“Thoughts on retaliation and driving standards”

Canamasas faced stewards in Bahrain. © Alastair Staley/GP2 Series Media Service.
Canamasas faced stewards in Bahrain. © Alastair Staley/GP2 Series Media Service.

In a mirror image of events at Sepang a few weeks ago, retaliatory driving has reared its ugly head once again during GP2 Series qualifying over the weekend.

Where Johnny Cecotto Jr’s shocking move to force Sam Bird off track in Malaysia raised eyebrows, Caterham’s Sergio Canamasas surely dropped jaws when he took not one, but two separate swings at Kevin Ceccon at the end of qualifying.

Having being hindered by Ceccon on his fast lap late on, Canamasas slowed shortly afterward, before making moves across the bow of his opponent
On the next tour by, Canamasas repeated the trick in an attempt to force Ceccon clean off the circuit. Like Cecotto Jr, Canamasas was removed from qualifying; leaving the Spaniard rooted to the tail of the grid, but is that enough?

Putting the sporting argument – or lack of it – to one side, actions such as those perpetrated by Canamasas and Cecotto Jr also represent a potential threat to competitor safety, yet are treated with a relatively light touch.
By the end of the GP2 sprint race in Sepang, Cecotto Jr had fed his way back into the points, whereas Canamasas fell 0.9s shy of a score at Sakhir.

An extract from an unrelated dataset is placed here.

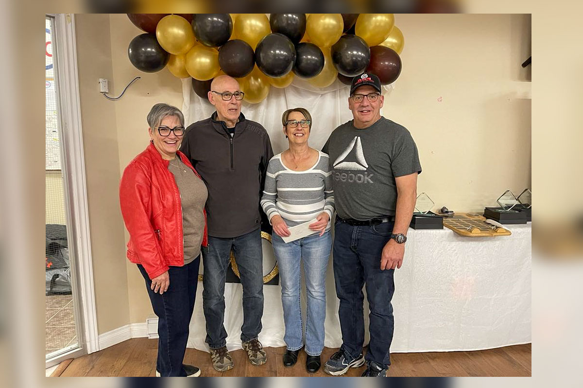 The third event winners in the annual Mindemoya Curling Club mixed bonspiel included from left in photo, Sherri and Gord Louttit, Sherry and Dan Forest.
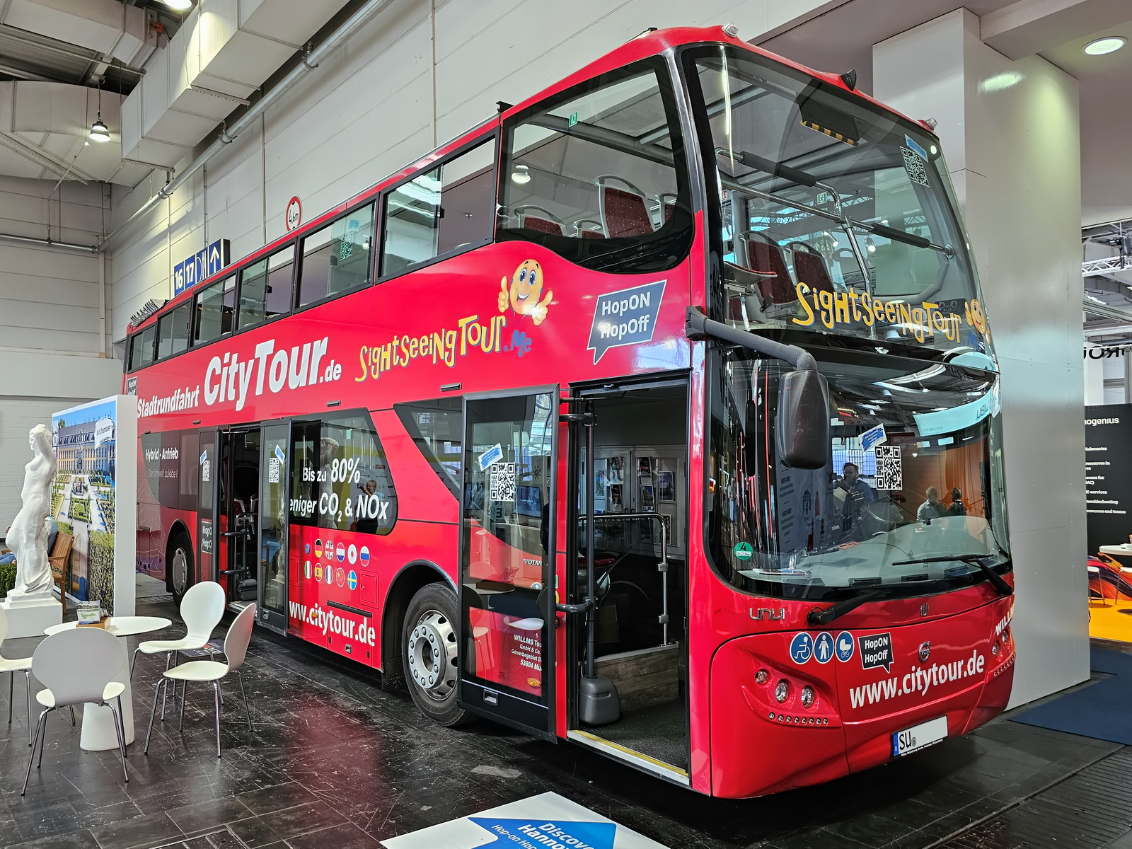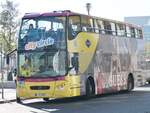 Ein Volvo UNVI Urbis Sightseeing-Bus war Teil der Ausstellung der Messe Hannover, so gesehen Anfang April 2025.

Considering GP2’s position as the main feeder category to Formula One, it must be asked is deletion of times in qualifying is an acceptable punishment and whether throwing a driver out – as NASCAR did to Kyle Busch at Texas Motor Speedway in 2011 {note 1} – is a more reasonable punishment.
However, in taking lenient action, the stewards in Malaysia and Bahrain have set a precedent and any attempts to penalise drivers harder for similar incidents in the future may bring valid counter-arguments citing the Sepang / Sakhir penalties.

The great worry is that at some point, it has become acceptable for a racer to retaliate against opponents on track – this is a very, very worrying trend. These cars – with drivers partially exposed – simply go too fast for such malicious behaviour and it is again sending out a message that a driver can retaliate in this manner and receive little in the way of penalty.

Some have spoken of Canamasas’ misdemeanours from previous events, yet those incidents should not even come into it. This clash alone should have garnered a weekend ban from the series, but for whatever reason, the stewards have been overly lenient.
It is the opinion of this writer that both Cecotto Jr and Canamasas should have been sat out for the rest of the weekend, if not longer.

The sport needs to get a thorough grip on this issue and treat it with serious consideration it deserves, before someone – a driver, marshal or attendee – gets hurt.

Thoughts on the racing events at the GP2 Series weekend will be published tomorrow morning.

{note 1}
During a NASCAR Truck Series race at Texas Motor Speedway in November 2011, Kyle Busch was parked for the weekend when he deliberately drove hard into the rear of Ron Hornaday early in the event.
Despite being one of NASCAR’s biggest stars, Busch was made to sit out the following two races, including Sunday’s Sprint Cup race, effectively ending his (slim) hopes of the title. It was a marked move by a series not known for punishing drivers.
It feels odd that I am looking to NASCAR when it comes to punishing drivers for deliberate contact.